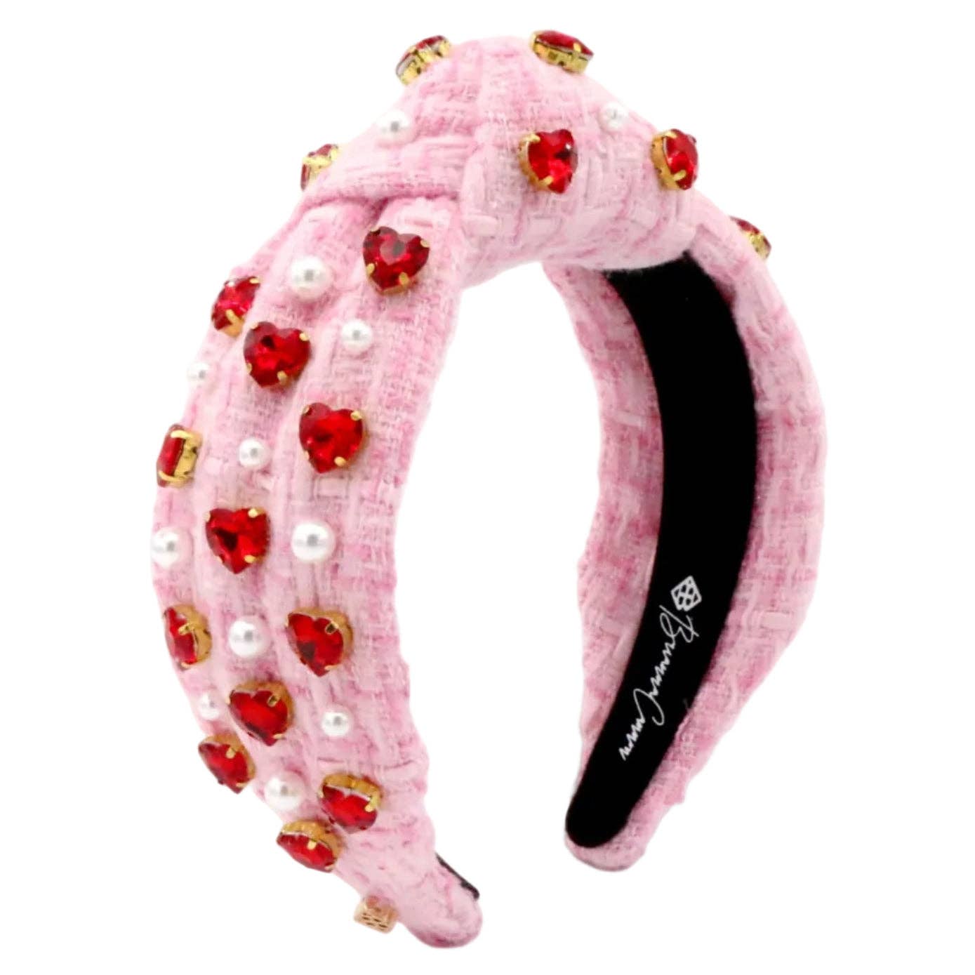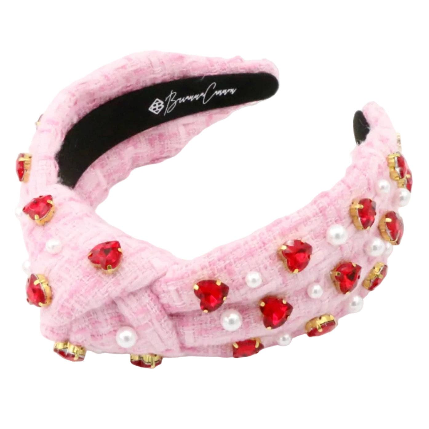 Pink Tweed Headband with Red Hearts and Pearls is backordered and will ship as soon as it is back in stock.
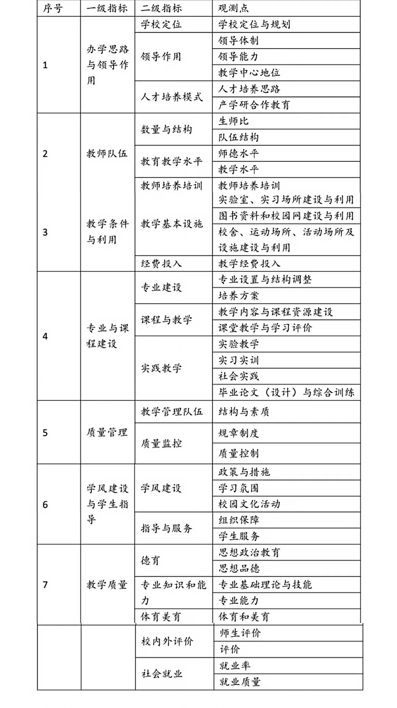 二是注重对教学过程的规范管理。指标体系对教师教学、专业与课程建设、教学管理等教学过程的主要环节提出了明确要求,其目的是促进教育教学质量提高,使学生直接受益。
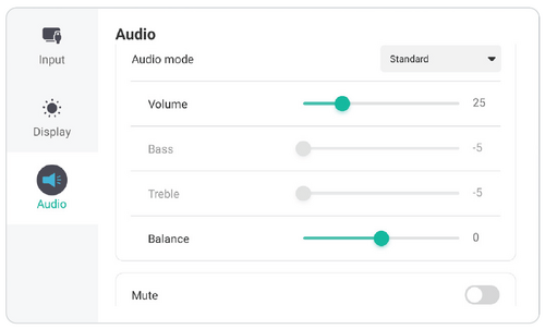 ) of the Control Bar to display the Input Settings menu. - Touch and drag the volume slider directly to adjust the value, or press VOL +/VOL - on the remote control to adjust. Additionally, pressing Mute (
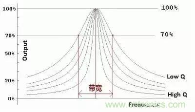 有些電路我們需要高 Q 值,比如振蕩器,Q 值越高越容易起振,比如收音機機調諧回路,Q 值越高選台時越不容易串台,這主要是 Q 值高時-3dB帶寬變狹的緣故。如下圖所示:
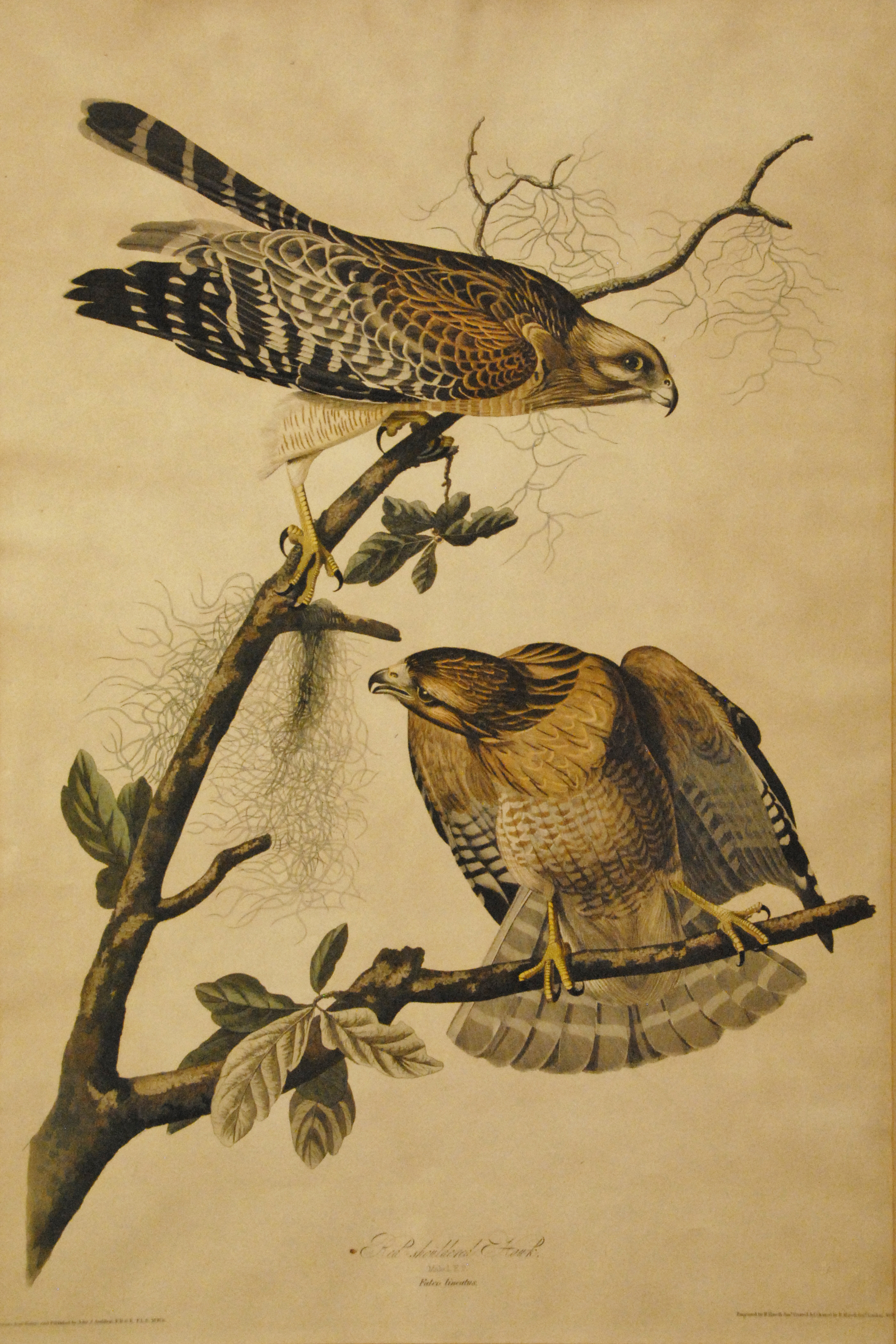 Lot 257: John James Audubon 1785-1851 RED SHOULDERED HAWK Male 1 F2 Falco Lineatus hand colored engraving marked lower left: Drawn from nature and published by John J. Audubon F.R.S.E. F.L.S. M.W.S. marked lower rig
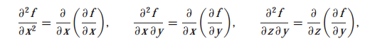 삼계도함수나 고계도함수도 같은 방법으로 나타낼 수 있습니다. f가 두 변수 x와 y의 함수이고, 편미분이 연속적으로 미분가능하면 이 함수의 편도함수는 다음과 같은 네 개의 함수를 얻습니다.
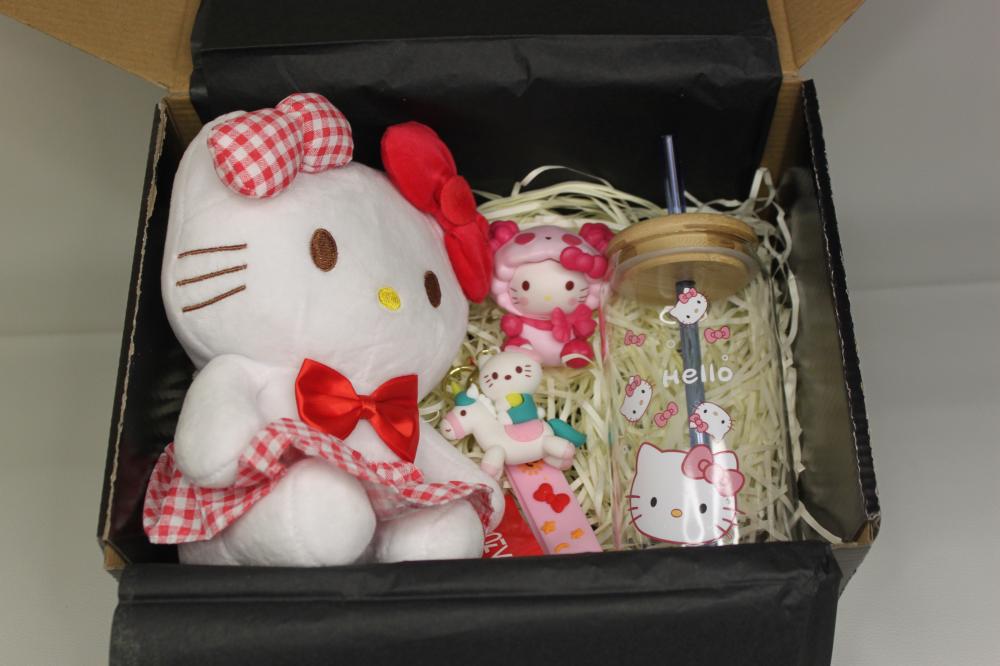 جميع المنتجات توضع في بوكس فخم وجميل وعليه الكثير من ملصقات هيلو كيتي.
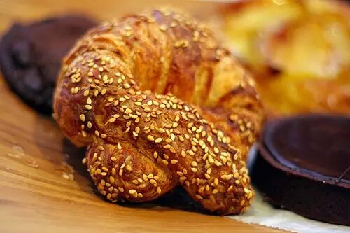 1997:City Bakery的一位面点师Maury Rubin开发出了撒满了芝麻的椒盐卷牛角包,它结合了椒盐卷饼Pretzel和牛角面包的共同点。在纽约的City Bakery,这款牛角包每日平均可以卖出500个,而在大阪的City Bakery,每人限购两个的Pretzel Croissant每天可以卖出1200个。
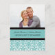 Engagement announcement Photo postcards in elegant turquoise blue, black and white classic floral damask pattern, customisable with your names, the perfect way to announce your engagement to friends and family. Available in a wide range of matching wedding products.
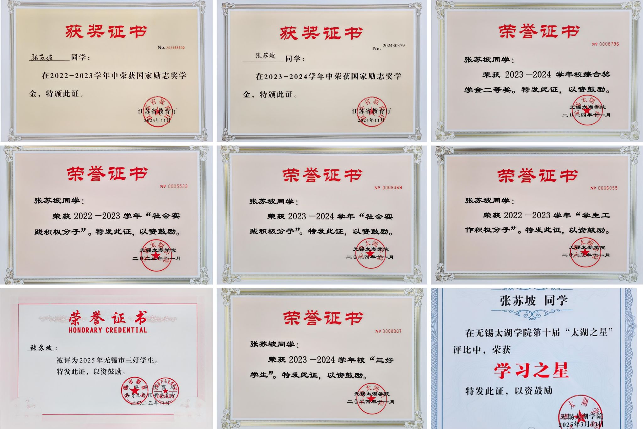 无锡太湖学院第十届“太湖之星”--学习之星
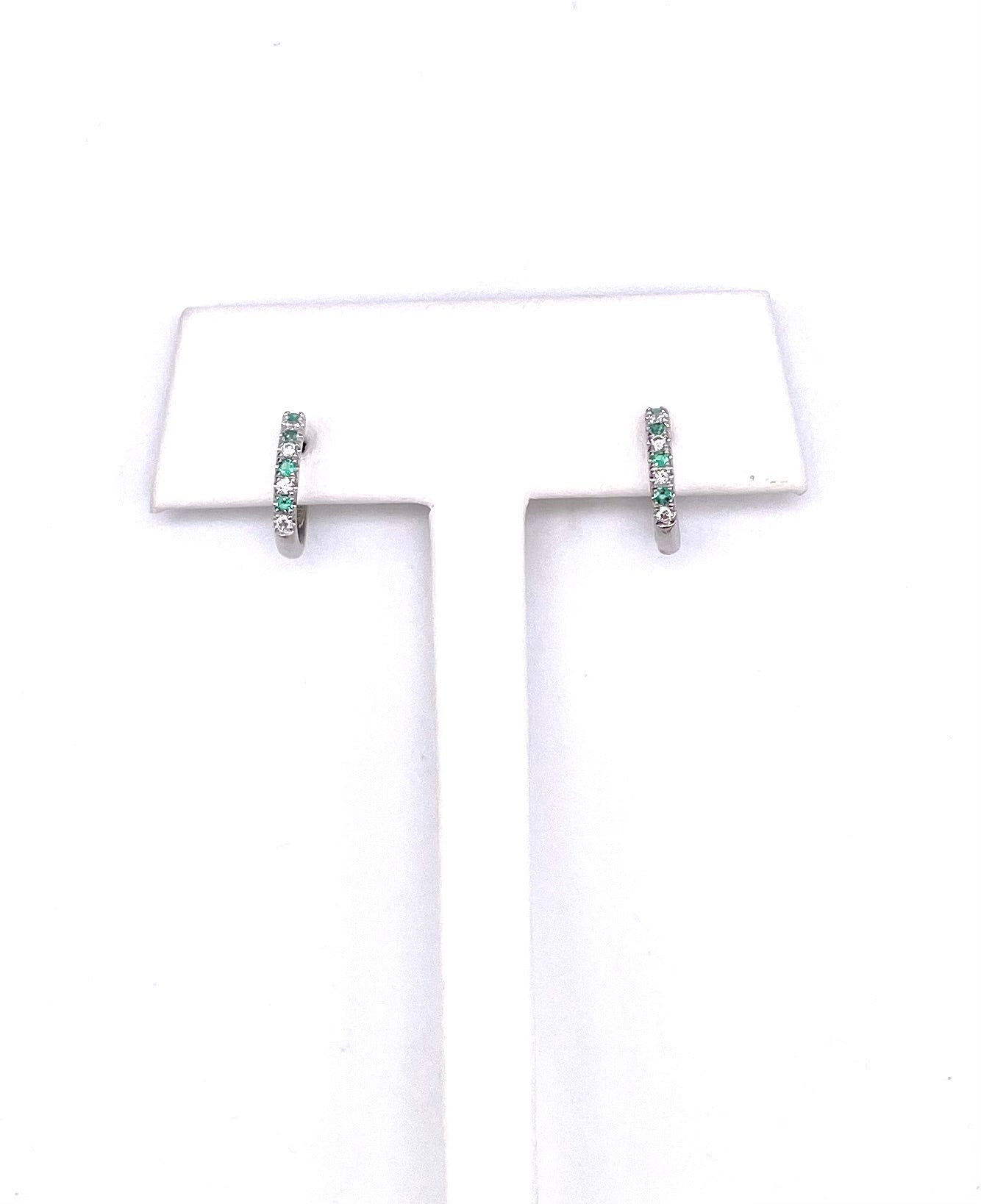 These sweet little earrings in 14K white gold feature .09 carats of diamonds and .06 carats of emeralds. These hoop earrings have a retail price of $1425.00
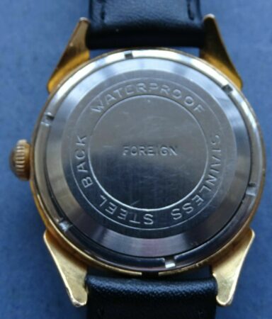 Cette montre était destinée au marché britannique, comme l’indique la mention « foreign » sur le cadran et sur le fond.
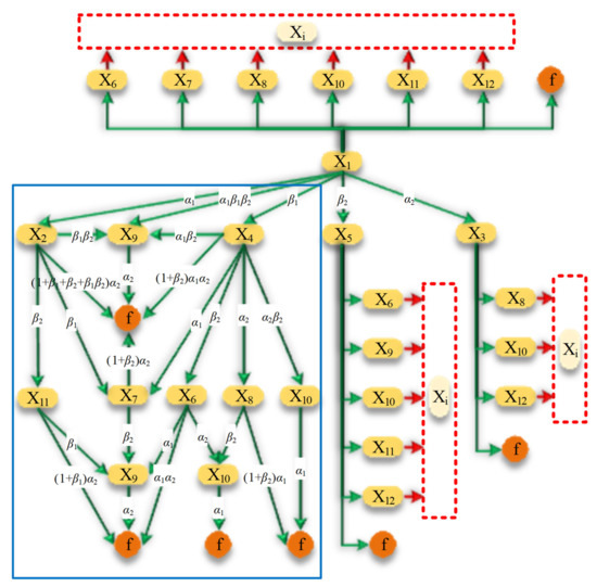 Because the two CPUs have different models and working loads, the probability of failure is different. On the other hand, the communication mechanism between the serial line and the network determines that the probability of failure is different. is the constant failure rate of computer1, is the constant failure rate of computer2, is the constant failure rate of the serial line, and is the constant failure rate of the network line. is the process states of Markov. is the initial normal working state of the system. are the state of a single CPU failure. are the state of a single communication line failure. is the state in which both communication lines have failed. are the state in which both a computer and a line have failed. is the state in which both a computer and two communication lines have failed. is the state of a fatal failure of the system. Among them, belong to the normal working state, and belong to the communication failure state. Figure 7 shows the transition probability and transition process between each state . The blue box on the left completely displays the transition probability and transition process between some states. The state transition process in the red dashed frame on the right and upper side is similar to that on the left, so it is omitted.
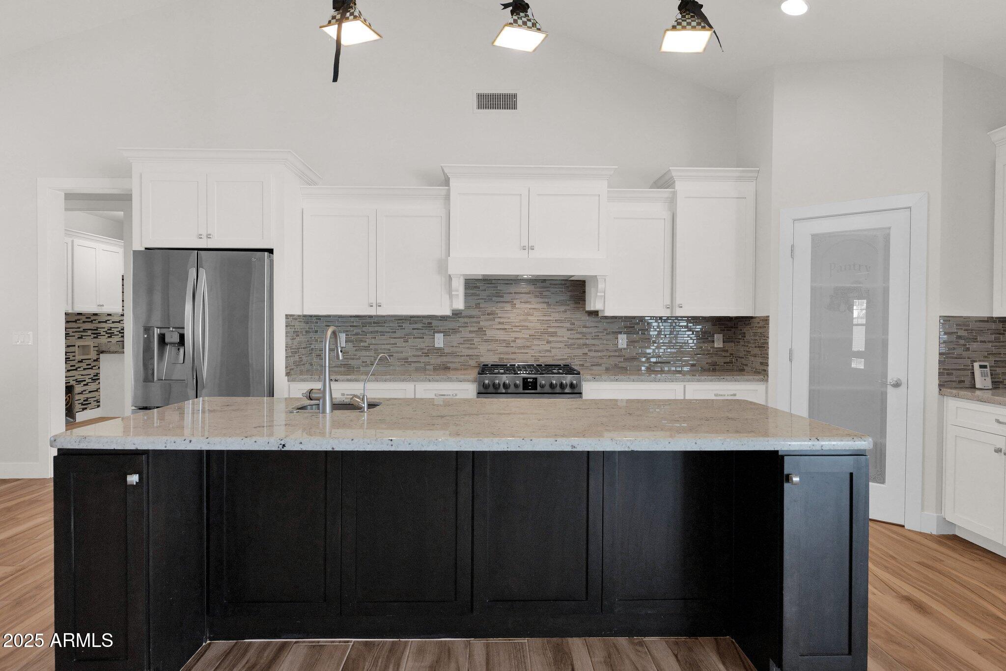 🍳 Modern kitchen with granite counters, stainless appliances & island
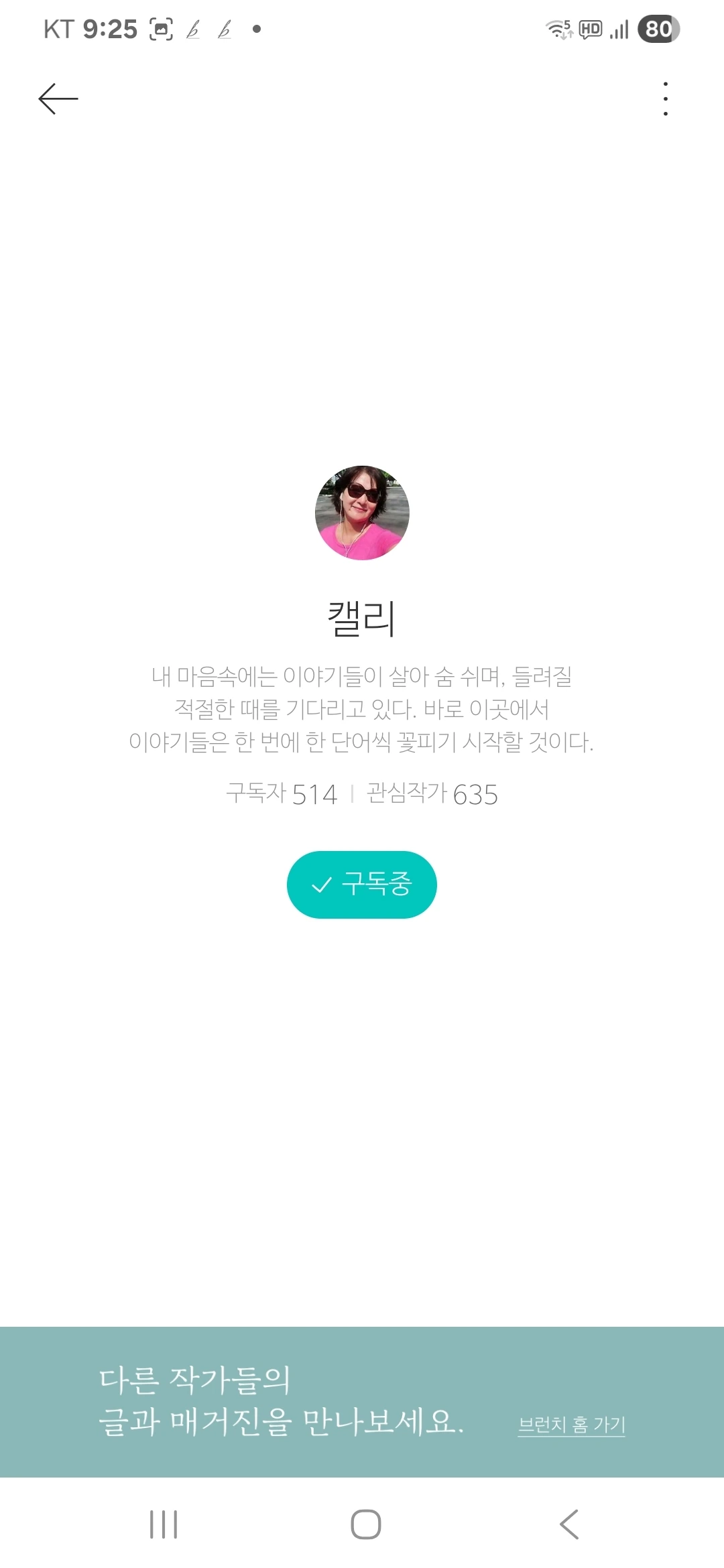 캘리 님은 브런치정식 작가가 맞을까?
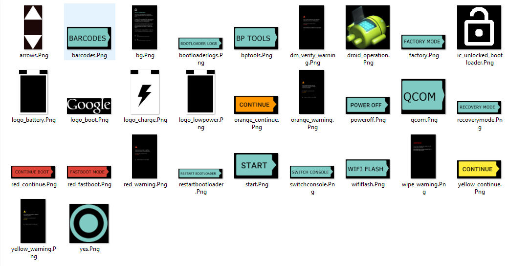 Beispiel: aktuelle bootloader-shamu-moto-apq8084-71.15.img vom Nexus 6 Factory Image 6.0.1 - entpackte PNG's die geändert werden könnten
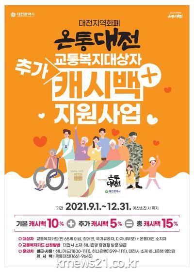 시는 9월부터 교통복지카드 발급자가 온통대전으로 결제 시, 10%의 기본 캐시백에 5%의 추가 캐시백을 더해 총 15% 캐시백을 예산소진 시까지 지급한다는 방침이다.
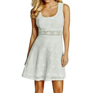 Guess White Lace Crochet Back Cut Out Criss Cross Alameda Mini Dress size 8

*What you are asked to do*. From the records above, copy only the lines running from the line containing "Lot 257: John" to the line containing "جميع المنتجات توضع", both ends included. Leave the pictures out.

*Response to the task*.
 Lot 257: John James Audubon 1785-1851 RED SHOULDERED HAWK Male 1 F2 Falco Lineatus hand colored engraving marked lower left: Drawn from nature and published by John J. Audubon F.R.S.E. F.L.S. M.W.S. marked lower rig
 삼계도함수나 고계도함수도 같은 방법으로 나타낼 수 있습니다. f가 두 변수 x와 y의 함수이고, 편미분이 연속적으로 미분가능하면 이 함수의 편도함수는 다음과 같은 네 개의 함수를 얻습니다.
 جميع المنتجات توضع في بوكس فخم وجميل وعليه الكثير من ملصقات هيلو كيتي.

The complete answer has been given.